**Dataset extract**:
·····

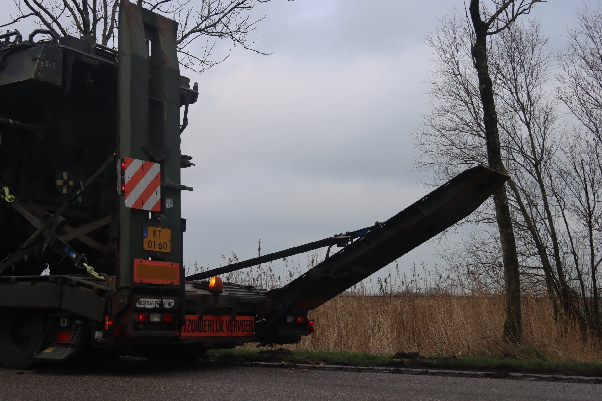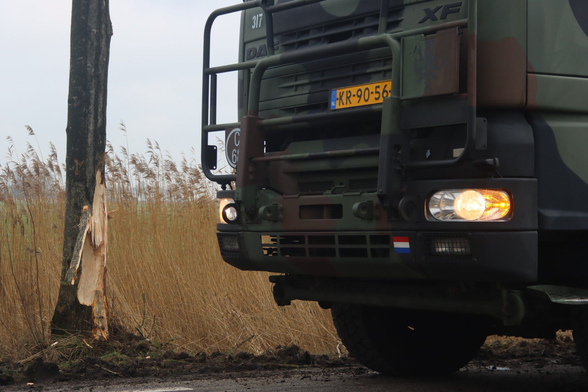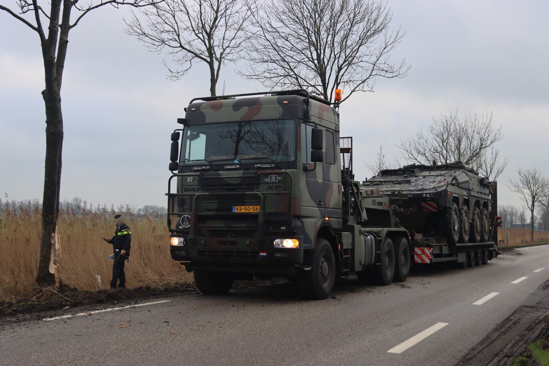 De chauffeur kwam gelukkig met de schrik vrij. De oplegger moet op een andere manier vervoerd worden. De kus met de boom leidde ertoe dat een hydraulisch systeem defect raakte. Daardoor is het niet veilig om zelf door te rijden. De politie maakte een registratie van het ongeval. Het verkeer ter plaatse werd door de aanwezige defensiemedewerkers begeleid.
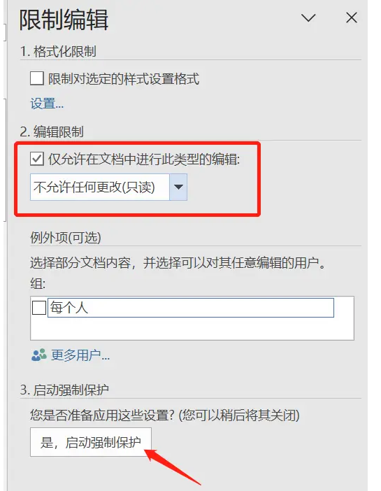 2、设置限制:在弹出的“限制编辑”提示框中,勾选“仅允许在文档中进行此类型的编辑”选项。在下拉框中,选择“不允许任何更改(只读)”选项。
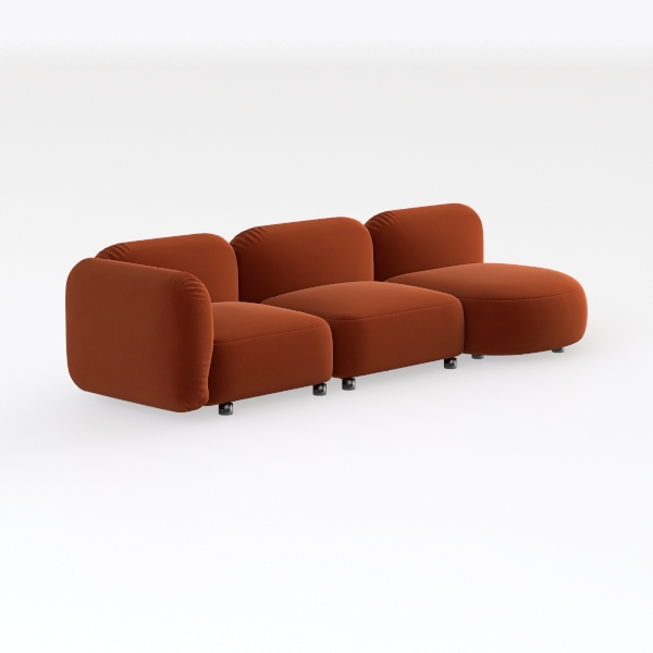 Introducing a stunning piece that redefines contemporary living spaces, this sofa draws inspiration from modern minimalism, blending sleek lines with inviting curves. The rich, burnt orange upholstery exudes warmth and sophistication, inviting you to sink into its plush embrace. Its soft texture not only enhances visual appeal but also offers a delightful tactile experience, making it a joy to touch and sit on.
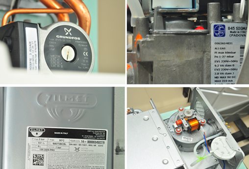 Pompe de circulation (trois vitesses - Grundfos (Danemark); Vase d'expansion - Zilmet (Italie); Ventilateur - Fime (Italie); Unité modulée au gaz - Sit (Italie); Échangeur de chaleur - Giannoni (Italie); Tableau de commande et de régulation - Bertelli & Partners (Italie).
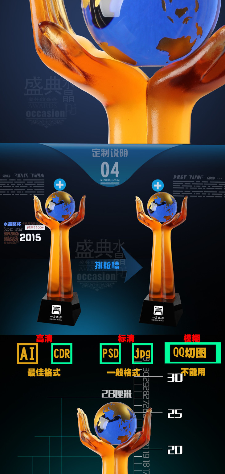 水晶奖杯创意金属五角星高档大气年会优秀员工颁奖纪念品
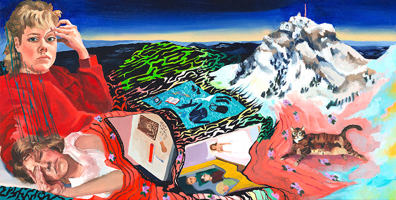 Mein künstlerischer Ansatz ist erzählerisch. Im Unterschied zu den großen Gemälden aus anderen Zeiten male ich keine berühmten Geschichten oder Persönlichkeiten. Durch Verschlüsselung und den Einsatz von Symbolen entferne ich mich von der spezifischen Idee. Ich möchte, dass meine Geschichten in ihrer abstrahierten Form für jede und jeden zugänglich sind. Ich greife dabei auf die mir bekannten symbolischen Objekte oder Positionen aus der westlichen Kunstgeschichte zurück, deute sie um, manchmal erfinde ich sie neu. So finde ich Bilder für Ideen und innere Prozesse und setze sie als Bildgegenstand in real anmutende Räume ein. Die Grenzen zwischen innen und außen verschwimmen, das Bild wird Projektionsfläche für eigene Gedanken und Erinnerungen.
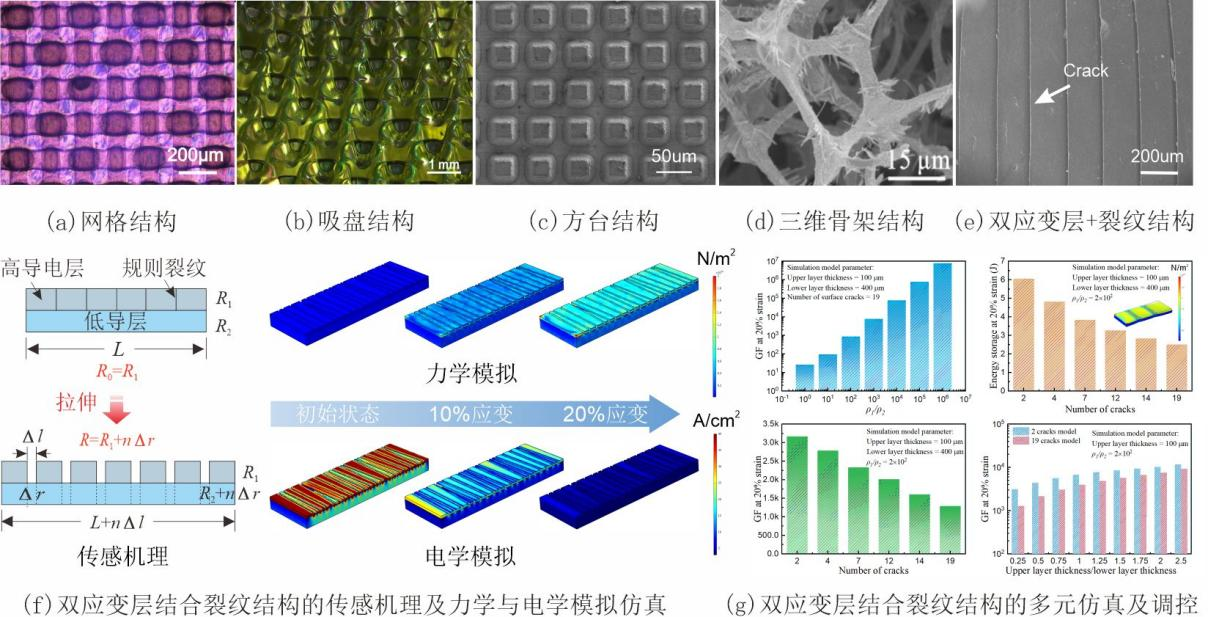设计了如网格、吸盘、方台、三维骨架等微纳结构,如图2(a-d)所示。发现微纳结构可以提升传感性能,发明了基于双应变层结合裂纹结构的电阻式超灵敏宽工作范围应变传感器,部分研究如图2(e-g)所示。研究表明,双应变敏感层结合裂纹结构可以构筑超灵敏和高重复性力敏传导通路,灵敏系数可高达2000。

·····

**Exercise directions**: With pictures omitted, repeat the entries above word for word from the line holding "Pompe de circulation" down to the line holding "水晶奖杯创意金属五角星高档大气年会优秀员工颁奖纪念品", keeping both of those lines.

**Written solution**:
 Pompe de circulation (trois vitesses - Grundfos (Danemark); Vase d'expansion - Zilmet (Italie); Ventilateur - Fime (Italie); Unité modulée au gaz - Sit (Italie); Échangeur de chaleur - Giannoni (Italie); Tableau de commande et de régulation - Bertelli & Partners (Italie).
 水晶奖杯创意金属五角星高档大气年会优秀员工颁奖纪念品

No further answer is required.